TASK TO CARRY OUT – Among the entries below, only the lines from the one with "CM.YAYA Women Mesh" through the one with "Printed handkerchief, titled" are wanted, reproduced exactly. Pictures are not wanted.

INFORMATION –
****

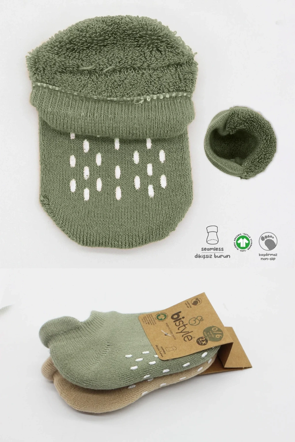 Bistyle 2'li Altı Havlu Sneakers Kaymaz Çorap 20501 Nil Bej
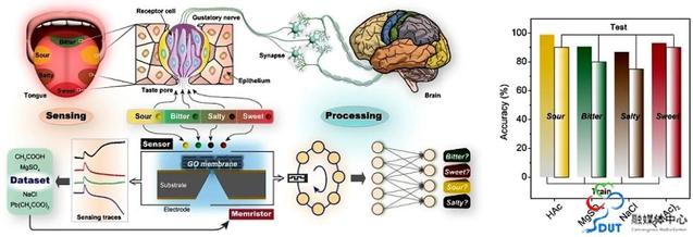 To address these challenges, based on stacked graphene-oxide films, researchers have developed a new nanoionics device integrating sensing and computation, which could operate directly in aqueous phase. Ion-dynamics characterization and finite-element simulations reveal that interfacial adsorption-desorption within the graphene-oxide sheets dramatically retards ion mobility, endowing the device with both ion-sensing and memristive characteristics. Exploiting the sensing capability, the team has built a library of chemical signatures for a broad range of flavors, while the device’s neuromorphic properties are used to implement a reservoir-computing network that mimics an artificial gustatory system. Working in physiological conditions, the single chip delivers simultaneous sensing and computation, laying the groundwork for integrated sensing-storage-computing system for smart gustatory applications in liquid settings and offering new hope for patients who have lost their sense of taste.
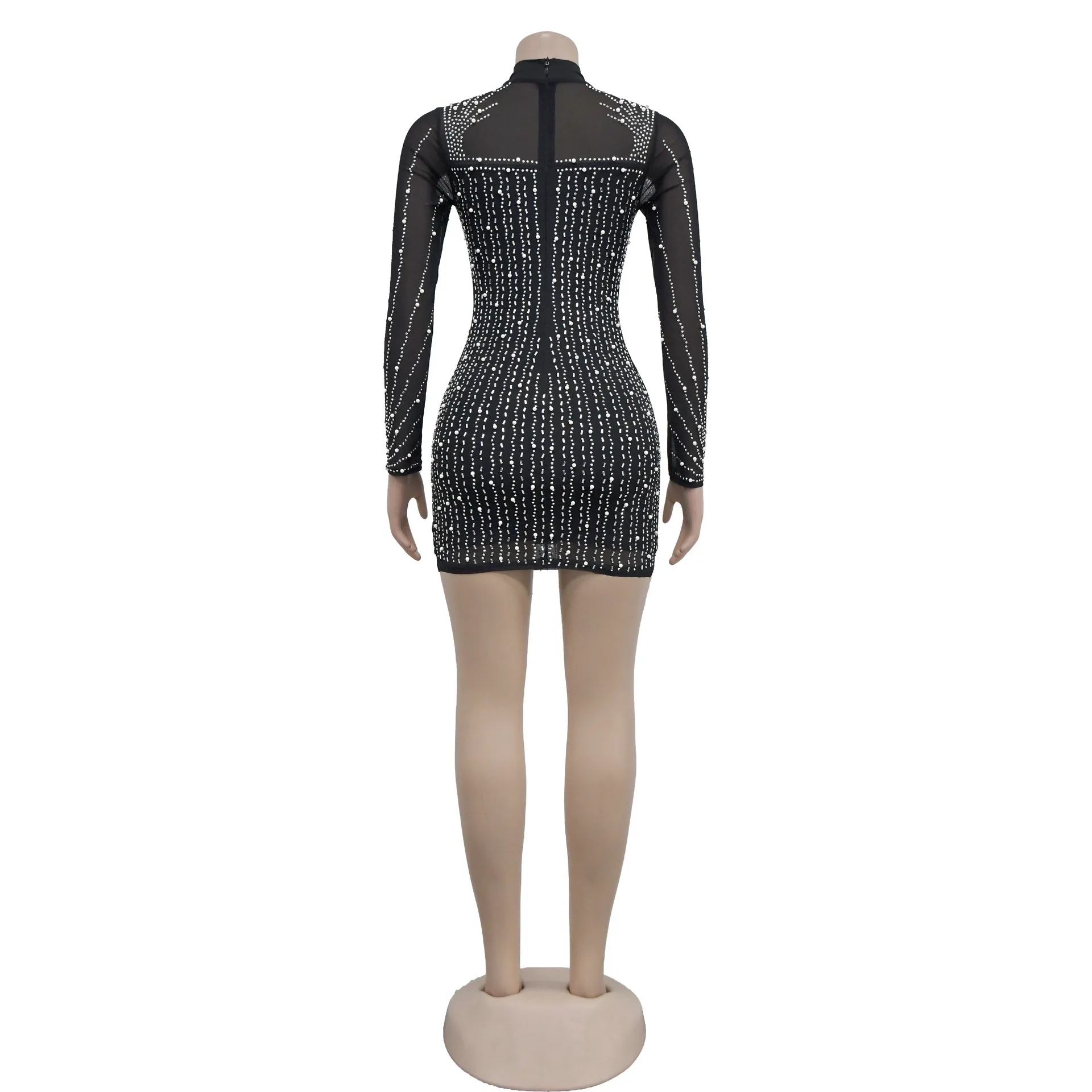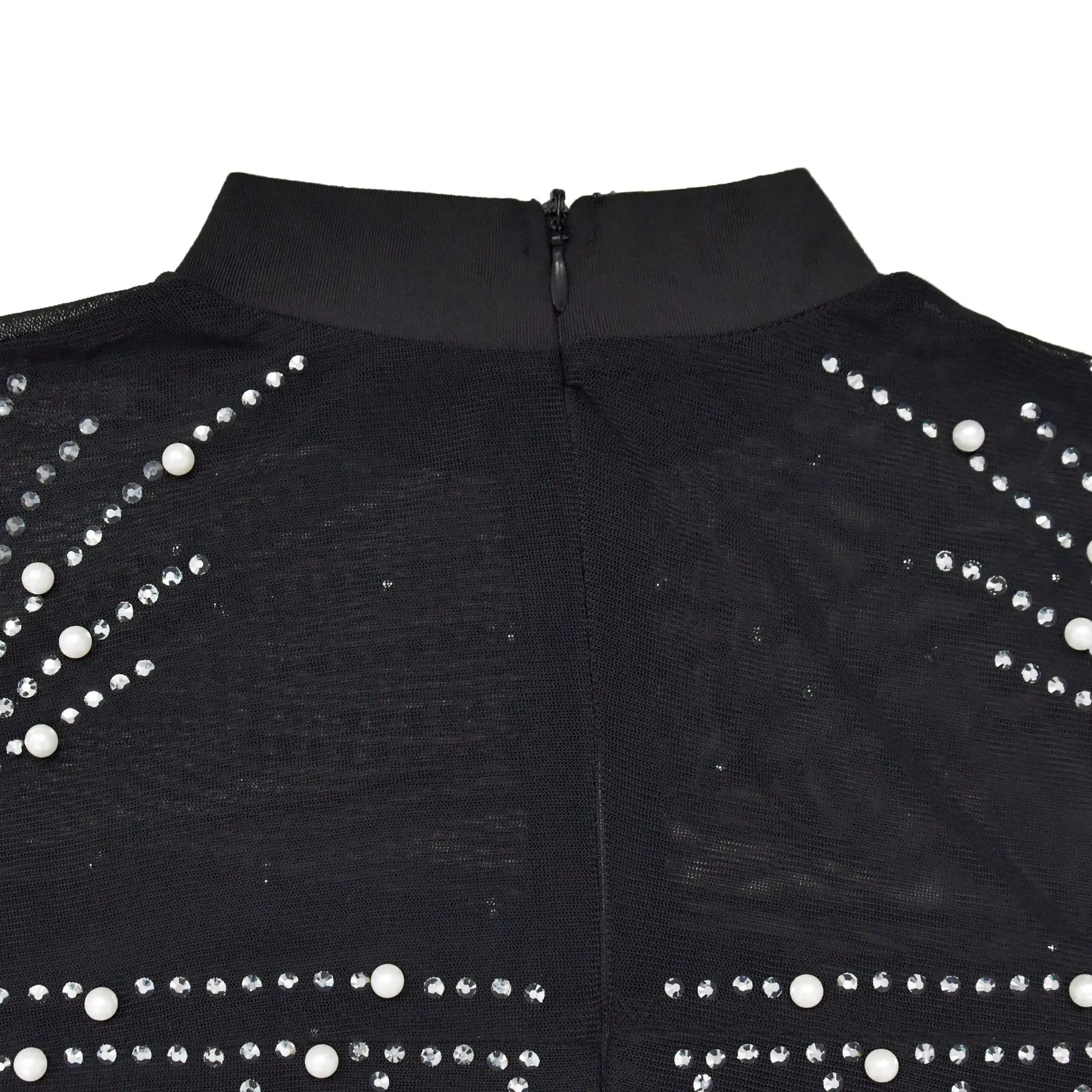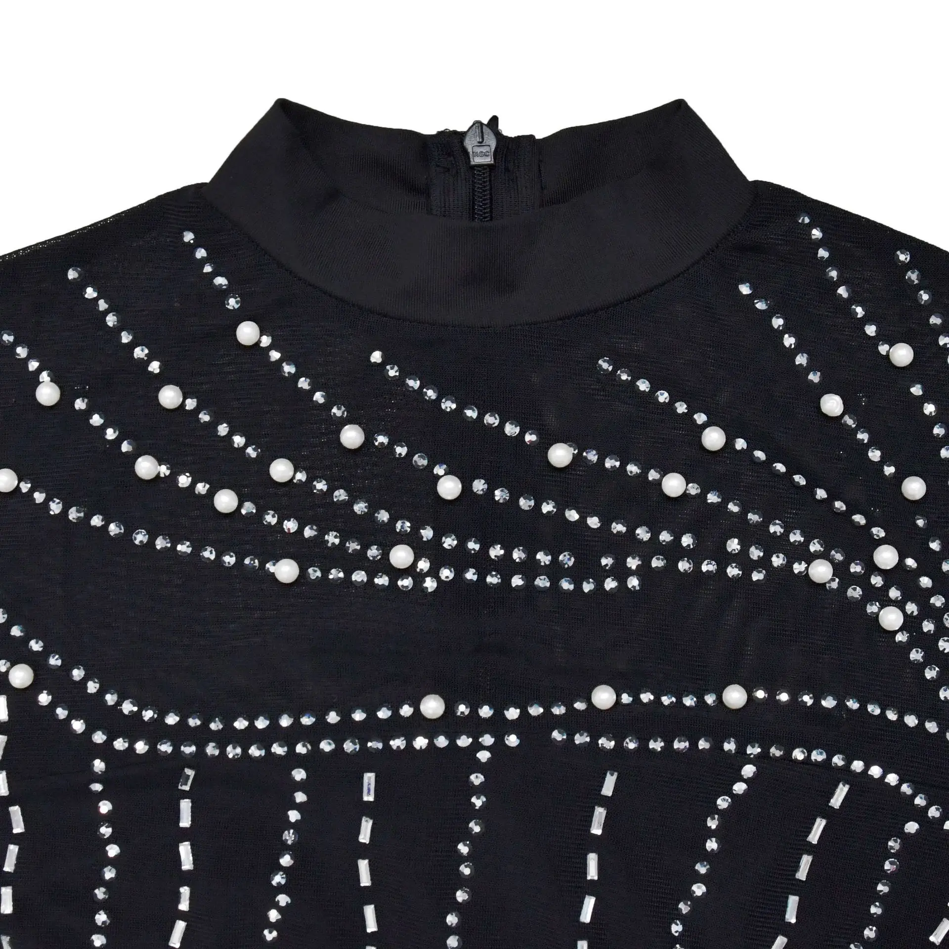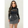 CM.YAYA Women Mesh See Though Diamonds Hot Rhinestones Pearl Tassel Bodycon Midi Dress 2023 Vestidos Sexy Party Evening Dresses
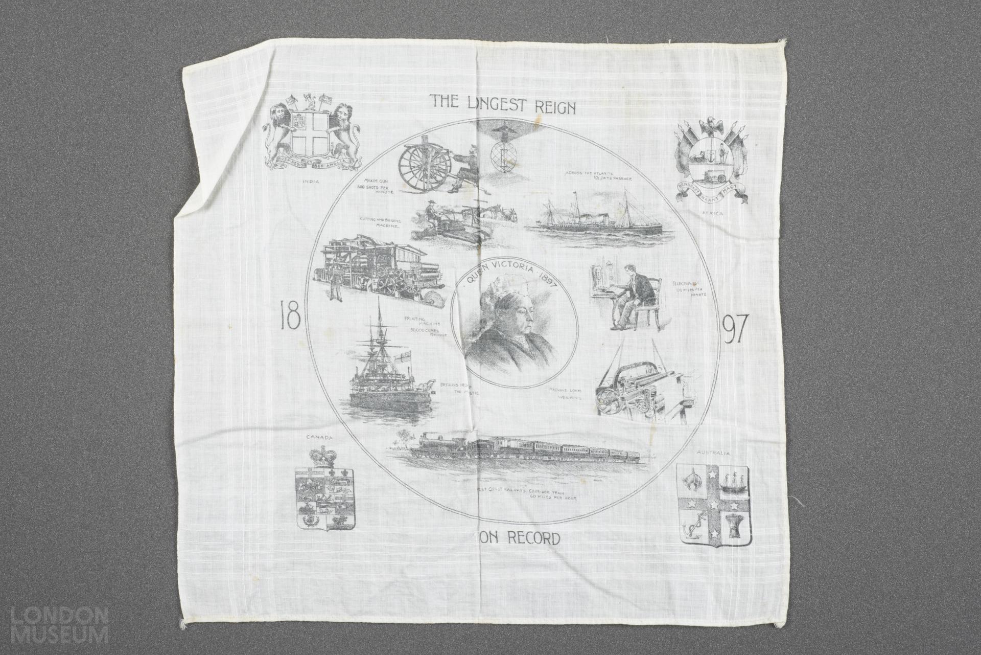 Printed handkerchief, titled 'The Longest Reign on Record'.
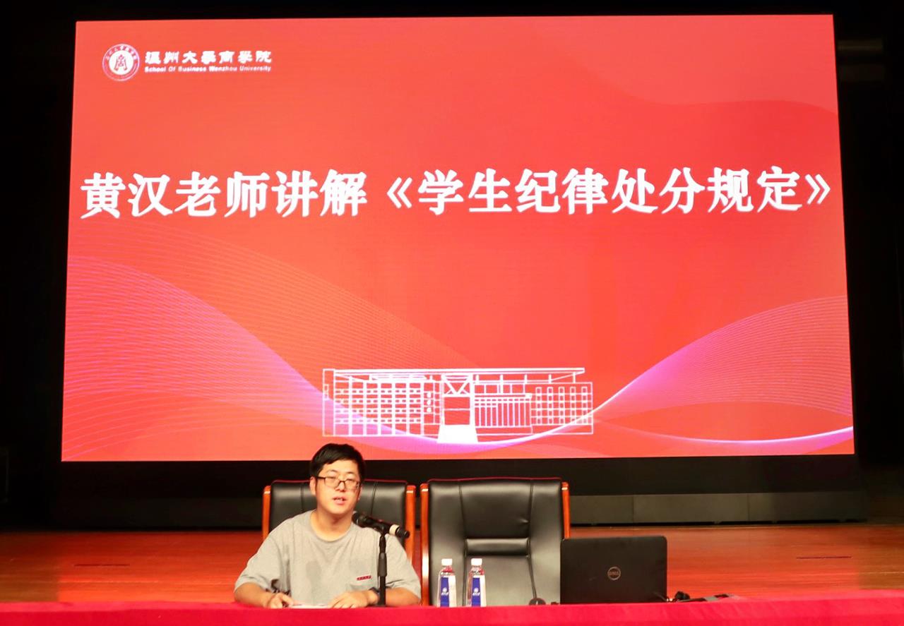 辅导员黄汉着重强调《温州大学学生纪律处分规定》是《学生手册》的重要组成部分,是对学生行为进行约束、管理、处罚的重要依据之一,每一位入学新生都应该准确理解《学生纪律处分规定》的各项规定。接着,黄老师带领新生学习手册规定相关重要内容,并且详细介绍了学生纪律处分流程、解除处分流程,纪律处分常见的问题和注意事项。最后,黄老师还介绍了学院考研相关工作,学院一直高度重视应届毕业生考研工作的开展,在思想、学习和生活等多个方面为考研学生提供指导和帮助,并通过打造“考研样板间”的示范效应在学生中积极营造浓郁的学习氛围,推进学院优良学风建设。
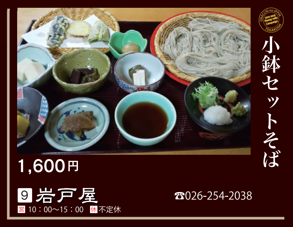 【対象メニュー】小鉢セットそば(1,600円)
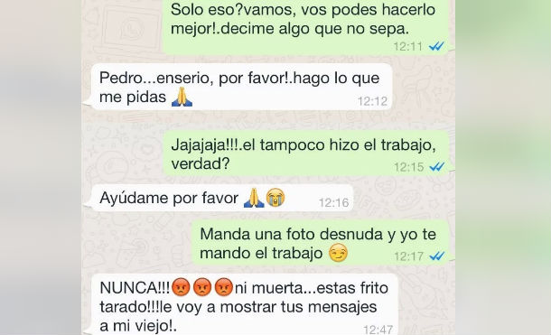 Este chavalo sostuvo una conversación con una joven que estaba buscando como resolver la tarea que le habían asignado en clases, Pedro en forma de chantaje le dijo, le pasaba la tarea si ella le enviaba una fotografía desnuda.
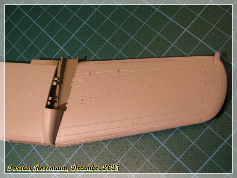 Final coating was again made with a 70/30 mix of Revell Aqua Clear Gloss and Clear Matt. I achieved good results with that paint with my last builds. The formation lights on the underside of the right wing are painted with Tamiya. Had to check my Marauder build to get them in the correct order. Demasking the canopies was easy, no problems here. Though I notice some overspray that came under the canopy. As mentioned earlier I opened the pilot’s canopy because of the bad fit as shown in Post 1047. The final parts added to the Helldiver were the air deflectors on the gunner’s compartement. I decided to keep that canopy close because the evil carpet monster had eaten the gun sight … The decals are both on the positive and negative side. Positive because they came off easily from the transfer paper after nearly 30 years in the box. Negative because they seem to be too large, at least some, especially on the side rudder and the Star and Bar on the fuselage.
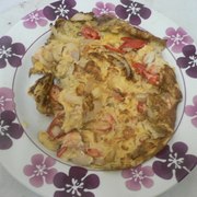 果条、鸡肉片、鲜虾、牙菜、红辣椒、鱼片、蛋、蒜米、盐、酱油、黑酱油、胡椒粉、辣椒酱。
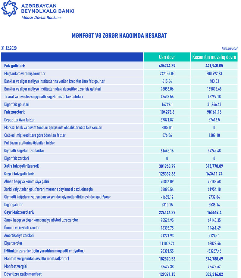 Marja Bankın maliyyə hesabatlarına istinadən xəbər verir ki, Azərbaycan Beynəlxalq Bankı 2020-ci ili 129 milyon 391 min manat xalis mənfəətlə başa vurub. Bankın ümumi mənfəəti 182 milyon 821 min manat olub. Bank əldə etdiyi mənfəətdən 53 milyon manat vergi ödəyib. Yada salaq ki, Azərbaycan Beynəlxalq Bankı 2019-cu ili 302 milyon 316 min manat xalis mənfəətlə bağlamışdı.
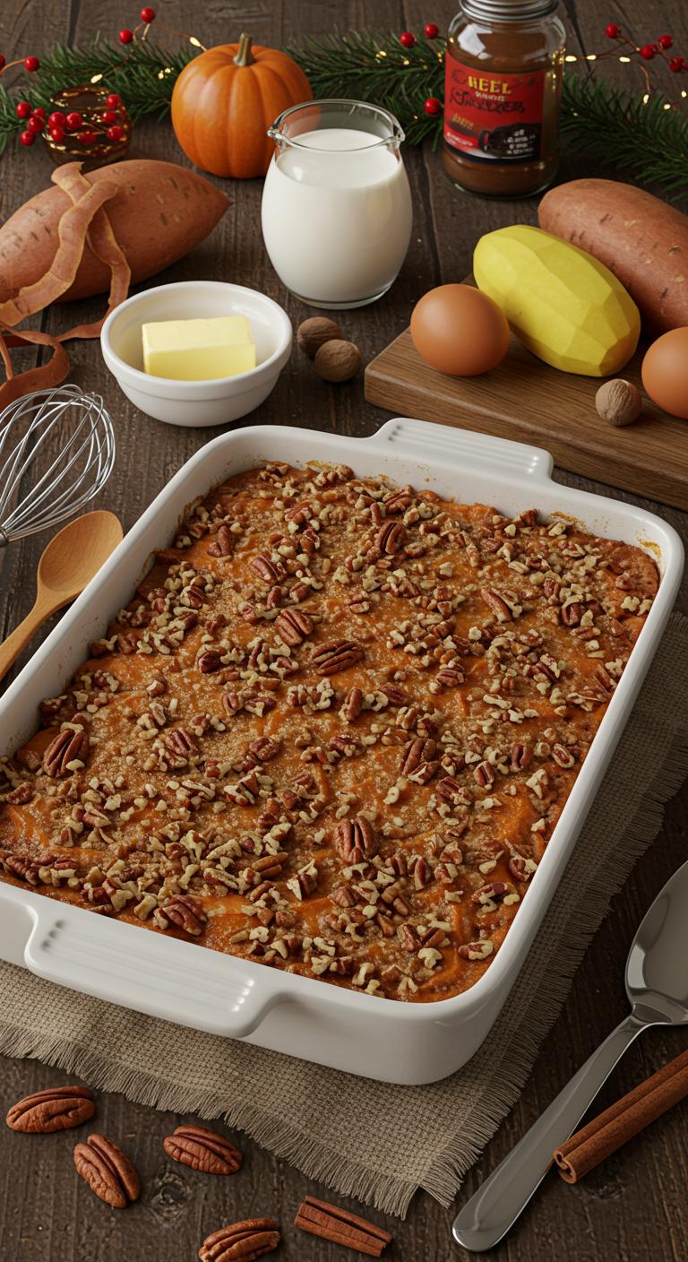 - Evenly sprinkle the pecan topping over the sweet potato layer.

****

SOLUTION –
 CM.YAYA Women Mesh See Though Diamonds Hot Rhinestones Pearl Tassel Bodycon Midi Dress 2023 Vestidos Sexy Party Evening Dresses
 Printed handkerchief, titled 'The Longest Reign on Record'.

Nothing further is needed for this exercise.